[RECORDS SUPPLIED]
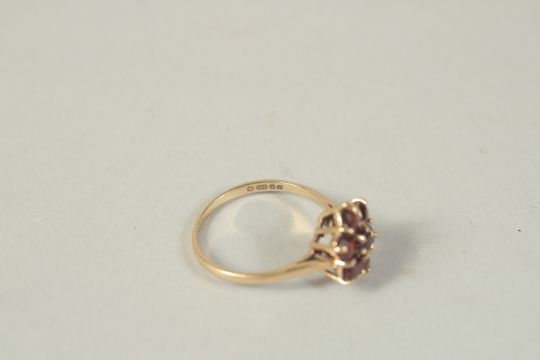 A 9CT GOLD GARNET FLOWER CLUSTER RING
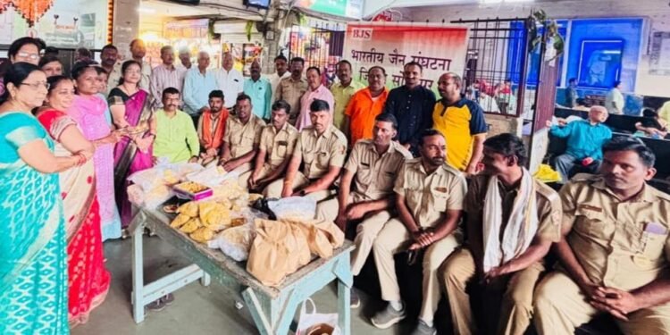 सोलापूर :- भारतीय जैन संघटना व राष्ट्रीय कर्मचारी सेना सोलापूर विभाग यांच्या वतीने सोलापूर बस स्थानकातील बस चालक ,वाहक व प्रवासी तसेच कर्मचाऱ्यांना जैन संघटनेच्या महिला पदाधिकाऱ्यांनी औक्षण करून फराळ देऊन भाऊबीज साजरी करण्यात आली. या कार्यक्रमास संघटनेचे राज्य कार्यकारणी सदस्य श्याम पाटील, विभागीय उपाध्यक्ष अभिनंदन विभूते, विभागीय अध्यक्ष माया पाटील यांची प्रमुख उपस्थितीत संपन्न झाला.प्रारंभी चालक वाहक व प्रवासी यांना औक्षण करण्यात आले.यावळी आपल्या मनोगतातून अभिनंदन विभूते यांनी भारतीय जैन संघटनेच्या कार्याबद्दल सर्व माहिती दिली. प्रत्येक सणाच्या वेळी चालक वाहकांनी आपले घरदार, सण आणि उत्सव सोडून प्रवाशांच्या सेवा करण्यामध्ये मग्न असतात म्हणून या लोकांच्या समावेत भाऊबीज करण्याचा आनंद वेगळाच अनुभव देऊन जातो असे मत संघटनेचे श्याम पाटील यांनी व्यक्त केले.
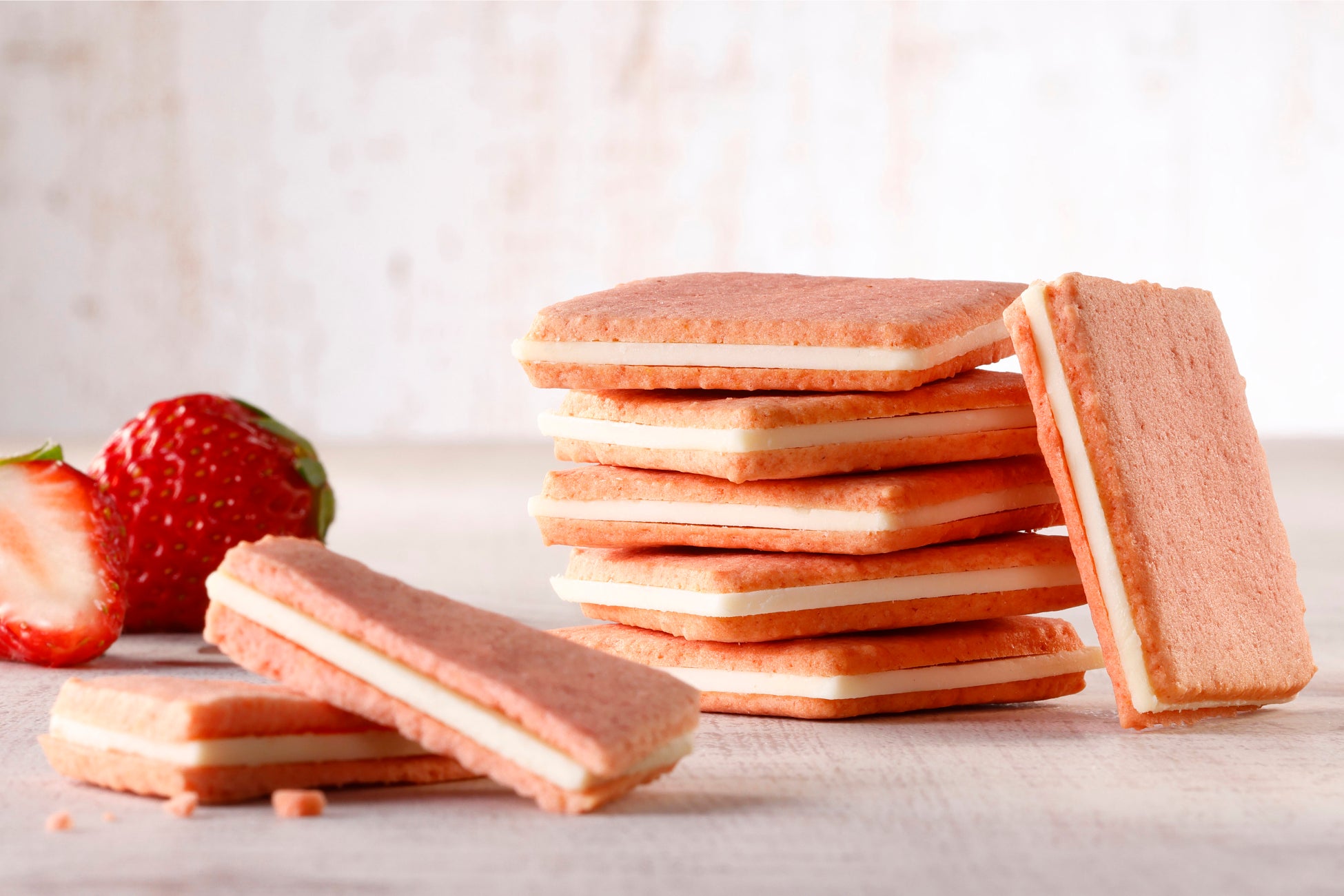 ストロベリークッキーでミルク感のあるやさしい甘さのマスカルポーネチーズ風味のチョコレートをサンドした、サクサク食感のクッキーです。
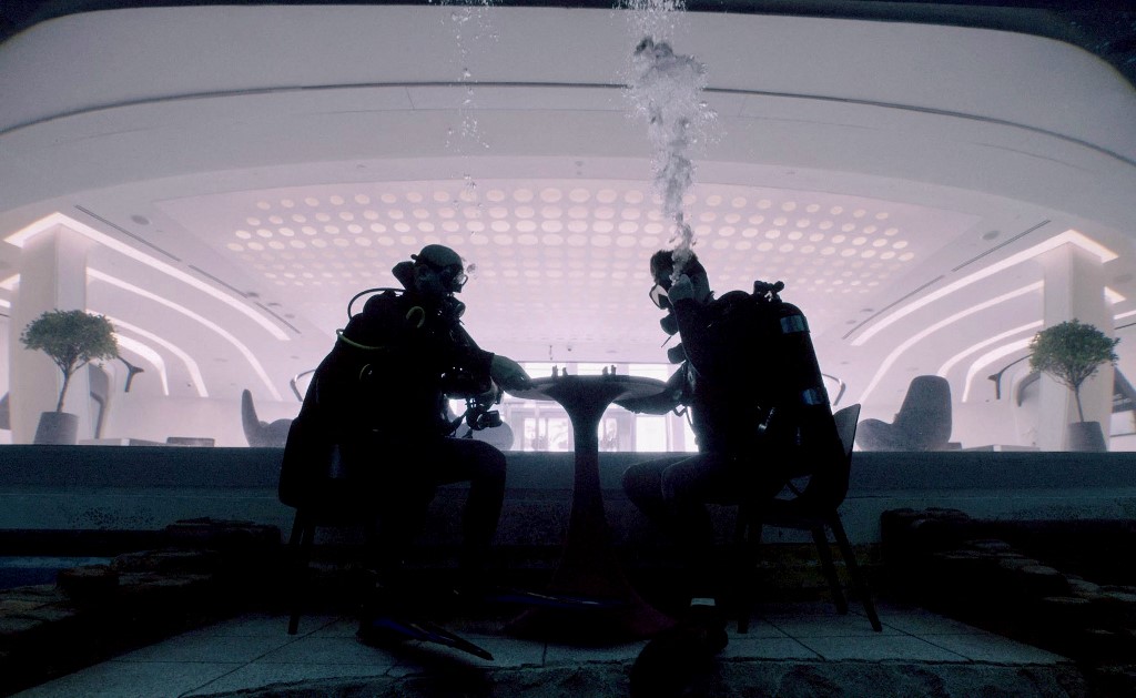 Guided down by lights and ambient music, divers can play table football and other games at the bottom as well as explore an "abandoned sunken city" or just soak up the vegetation on the way.
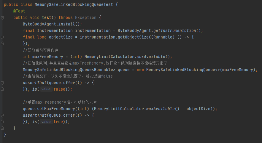 最后,再看看作者提供的 MemorySafeLBQ 测试用例,我补充了一点注释,很好理解,自己去品,不再多说:
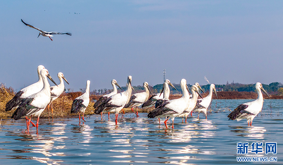 12月19日,安徽省合肥市廬江縣黃陂湖濕地,國家一級保護(hù)動物東方白鸛在此嬉戲、覓食,自由飛翔。
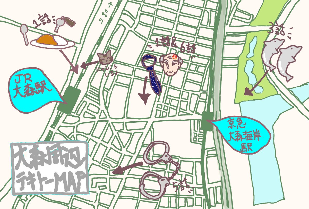 しながわ水族館🐬🐬に行きたい人が結構いらっしゃったので、周辺ロケ地のおおよそ位置関係MAP描いたよ JR大森駅と京急大森海岸駅の間は徒歩10分くらいなので🦍じゃなくても歩けます。わりとテキトーなので行くときはちゃんとした地図見て行ってね🫡 twitter.com/C75614930/stat…
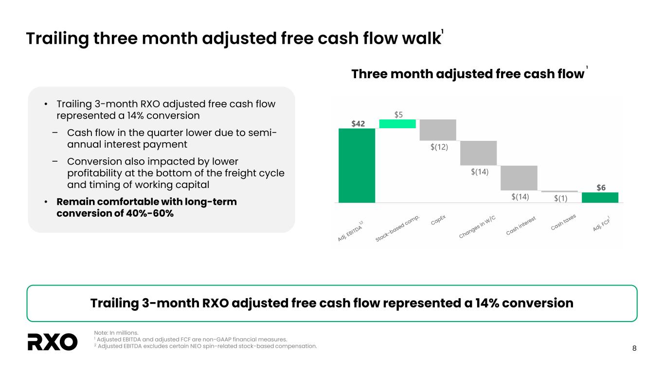 7 Adjusted EPS bridge Earnings per share Q4-24 Q4-23 GAAP diluted EPS $(0.12) $0.02 Amortization of intangible assets 0.10 0.03 Transaction, integration and restructuring costs 0.20 0.03 Tax associated with adjustments above1 and discrete tax item (0.12) (0.02) Adjusted diluted EPS2 $0.06 $0.06 RXO reported Q4 2024 adjusted diluted EPS of $0.06 1 The tax impact of non-GAAP adjustments represents the tax benefit (expense) calculated using the applicable statutory tax rate that would have been incurred had these adjustments been excluded from net income (loss). Our estimated tax rate on non-GAAP adjustments may differ from our GAAP tax rate due to differences in the methodologies applied. 2 See the “Non-GAAP financial measures” section.
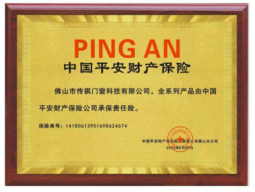 簽署合作前,投保單位及承保產(chǎn)品需要經(jīng)過(guò)中國(guó)平安保險(xiǎn)嚴(yán)格的質(zhì)量認(rèn)證檢驗(yàn)、地域檢驗(yàn)測(cè)試,并全面調(diào)研評(píng)估品牌的綜合實(shí)力、產(chǎn)品質(zhì)量、知名度及市場(chǎng)信譽(yù)度。傳祺門(mén)窗順利通過(guò)中國(guó)平安保險(xiǎn)審核,充分體現(xiàn)傳祺門(mén)窗品牌過(guò)硬的品質(zhì)與雄厚的實(shí)力。
[/RECORDS SUPPLIED]
▸ **WHAT TO WORK ON**: The copy must begin with the line containing "12月19日,安徽省合肥市廬", end with the last line of the material, match each line exactly, and hold no pictures.

▸ **ANSWER SPACE**:
 12月19日,安徽省合肥市廬江縣黃陂湖濕地,國家一級保護(hù)動物東方白鸛在此嬉戲、覓食,自由飛翔。
 しながわ水族館🐬🐬に行きたい人が結構いらっしゃったので、周辺ロケ地のおおよそ位置関係MAP描いたよ JR大森駅と京急大森海岸駅の間は徒歩10分くらいなので🦍じゃなくても歩けます。わりとテキトーなので行くときはちゃんとした地図見て行ってね🫡 twitter.com/C75614930/stat…
 7 Adjusted EPS bridge Earnings per share Q4-24 Q4-23 GAAP diluted EPS $(0.12) $0.02 Amortization of intangible assets 0.10 0.03 Transaction, integration and restructuring costs 0.20 0.03 Tax associated with adjustments above1 and discrete tax item (0.12) (0.02) Adjusted diluted EPS2 $0.06 $0.06 RXO reported Q4 2024 adjusted diluted EPS of $0.06 1 The tax impact of non-GAAP adjustments represents the tax benefit (expense) calculated using the applicable statutory tax rate that would have been incurred had these adjustments been excluded from net income (loss). Our estimated tax rate on non-GAAP adjustments may differ from our GAAP tax rate due to differences in the methodologies applied. 2 See the “Non-GAAP financial measures” section.
 簽署合作前,投保單位及承保產(chǎn)品需要經(jīng)過(guò)中國(guó)平安保險(xiǎn)嚴(yán)格的質(zhì)量認(rèn)證檢驗(yàn)、地域檢驗(yàn)測(cè)試,并全面調(diào)研評(píng)估品牌的綜合實(shí)力、產(chǎn)品質(zhì)量、知名度及市場(chǎng)信譽(yù)度。傳祺門(mén)窗順利通過(guò)中國(guó)平安保險(xiǎn)審核,充分體現(xiàn)傳祺門(mén)窗品牌過(guò)硬的品質(zhì)與雄厚的實(shí)力。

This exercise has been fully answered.